What it means: The app is pegging CPU and nearly OOM. Expect latency and restarts. This directly produces 504 (slow) and 502 (crash).

Decision: Add capacity, fix memory usage, add caching, reduce concurrency, or fix the query. But do one thing at a time.

Task 17: Verify connection tracking exhaustion (a sneaky 502/504 source under load)

cr0x@server:~$ sudo sysctl net.netfilter.nf_conntrack_count net.netfilter.nf_conntrack_max
net.netfilter.nf_conntrack_count = 262119
net.netfilter.nf_conntrack_max = 262144

What it means: You’re near conntrack max. New connections can fail or stall; Nginx sees connect errors or timeouts.

Decision: Increase conntrack max (with memory awareness), reduce connection churn (keepalive, pooling), or scale out. Also check for connection leaks.

Task 18: Validate that Nginx is logging upstream timings (or fix it)

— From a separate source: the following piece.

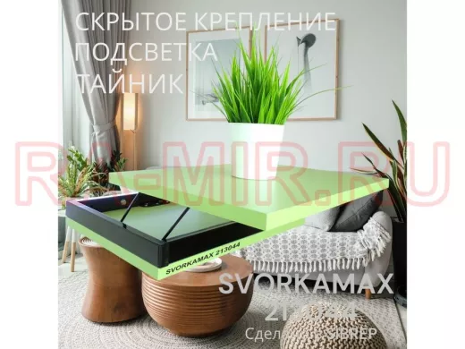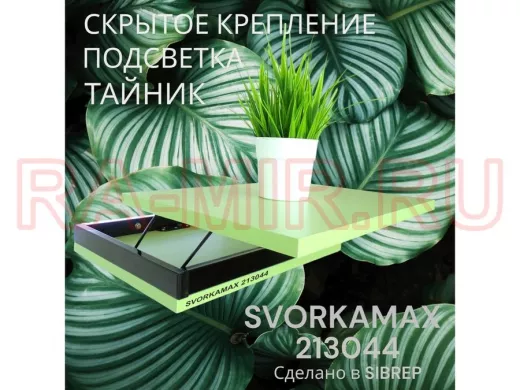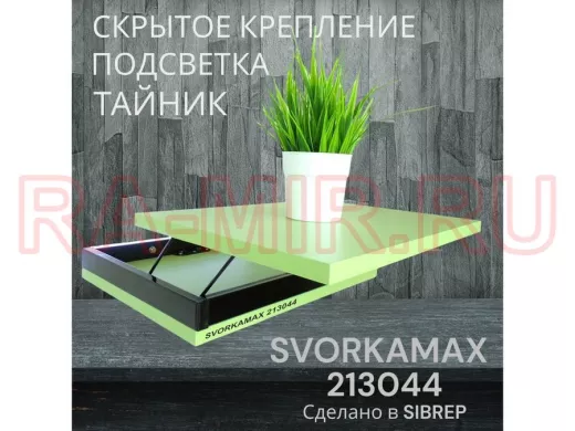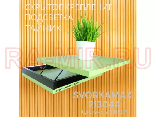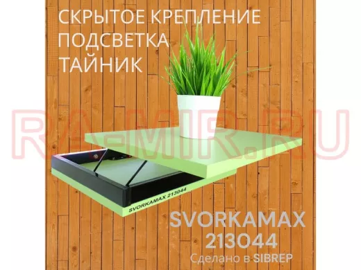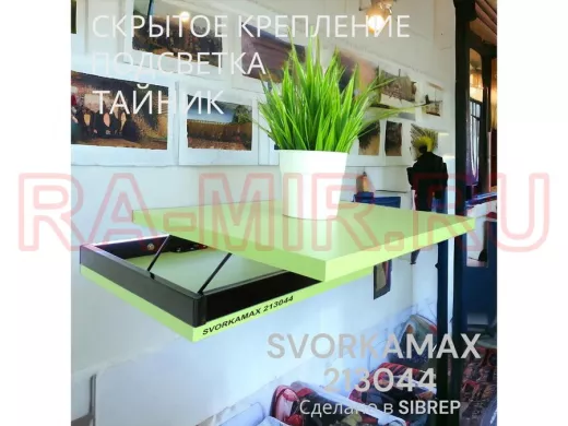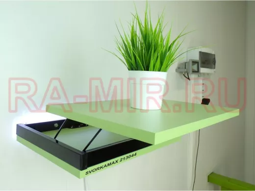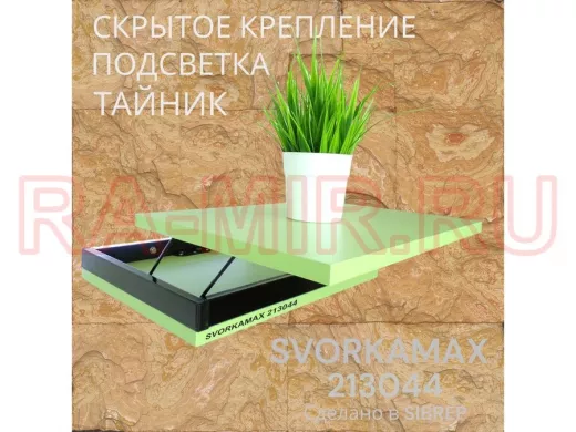 Заказать звонокПарящая полка скрытого крепления с подсветкой и тайником, черный "SVORKAMAX 213044" 30х40, салатовый
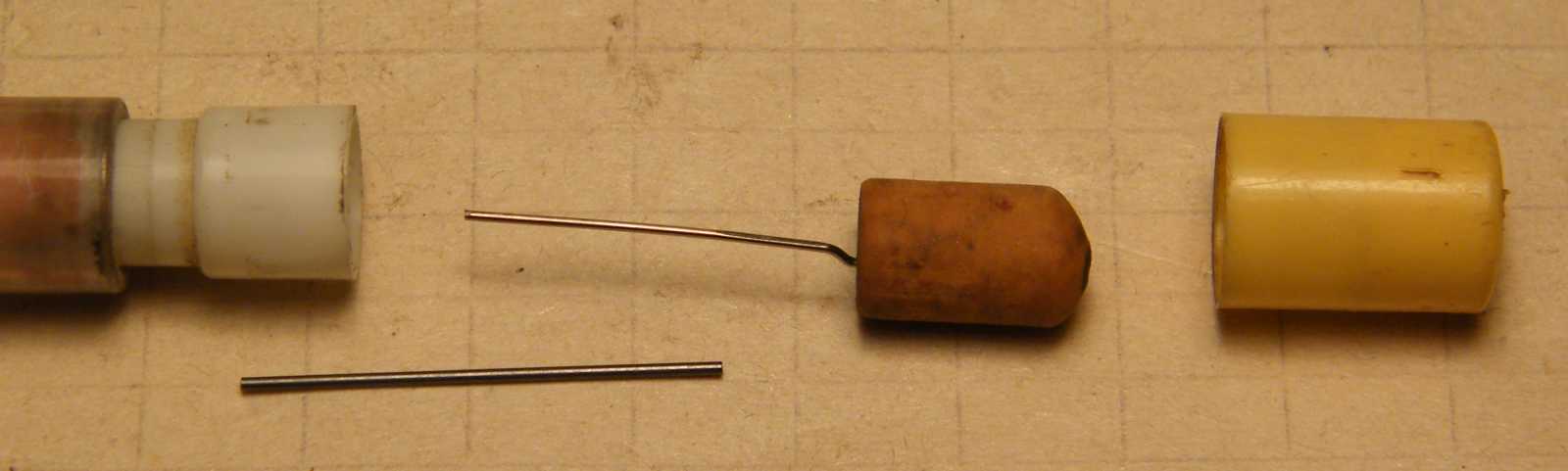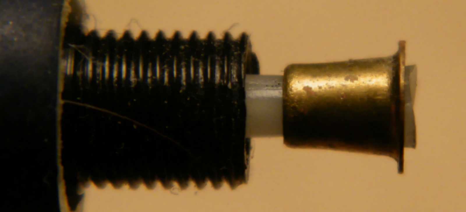 A ceruzavégi gombot a helyére visszatolva, azt megnyomva, kijött a menetes részből ez a tokmányszerű felépítmény. Ez úgy működik, hogy mikor a rugó (ami valahol a ceruza házában van) vissza, illetve belehúzza a fehér cső kúpos végét a szegecsforma kúpos réz bigyóba, akkor az ott megszorul. Mivel a fehér cső hosszában fel van vágva, így nemcsak meg, de össze is, amivel aztán stabilan megfogja a grafitból készült vékony rudat. |

cr0x@server:~$ docker exec -it nginx grep -R --line-number 'log_format' /etc/nginx/nginx.conf /etc/nginx/conf.d 2>/dev/null
/etc/nginx/nginx.conf:15:log_format upstream_timing '$remote_addr - $request_id [$time_local] '
/etc/nginx/nginx.conf:16:    '"$request" $status rt=$request_time uct=$upstream_connect_time '
/etc/nginx/nginx.conf:17:    'uht=$upstream_header_time urt=$upstream_response_time ua="$upstream_addr" us="$upstream_status"';

What it means: You have the key timing variables. Good. Now use them.

Decision: If missing, add them and reload Nginx. Without upstream timing, you’ll misdiagnose 504s.

Task 19: Reload Nginx safely after config changes

cr0x@server:~$ docker exec -it nginx nginx -t
nginx: the configuration file /etc/nginx/nginx.conf syntax is ok
nginx: configuration file /etc/nginx/nginx.conf test is successful
cr0x@server:~$ docker exec -it nginx nginx -s reload

What it means: Syntax is valid; reload will apply changes without dropping existing connections (in most typical setups).

Decision: Prefer reload over container restarts in the middle of an incident unless the process is wedged.

Task 20: Prove the upstream is slow using direct curls from the Nginx network namespace

cr0x@server:~$ docker exec -it nginx bash -lc 'time curl -sS -o /dev/null -w "status=%{http_code} ttfb=%{time_starttransfer} total=%{time_total}\n" http://app:8080/api/report'
status=200 ttfb=59.842 total=59.997

real    1m0.010s
user    0m0.005s
sys     0m0.010s

What it means: The upstream itself takes ~60s to first byte and total. Nginx’s 60s proxy_read_timeout is right on the edge; a little jitter causes 504.

Decision: Fix the upstream performance or redesign the endpoint. Raising timeouts may stop the bleeding but can also pile up connections and increase blast radius.

Common mistakes: symptom → root cause → fix

This section exists because most “Nginx upstream errors” are self-inflicted. Here are the ones that keep showing up in containerized setups.

1) Symptom: 502 with “connect() failed (111: Connection refused)”

  • Root cause: Upstream container is restarting/crashed; app is listening on a different port; app binds to 127.0.0.1 inside container.
  • Fix: Confirm ss -lntp in the app container, fix bind address to 0.0.0.0, fix port in Nginx/Compose, and add health checks so Nginx doesn’t route to dead containers.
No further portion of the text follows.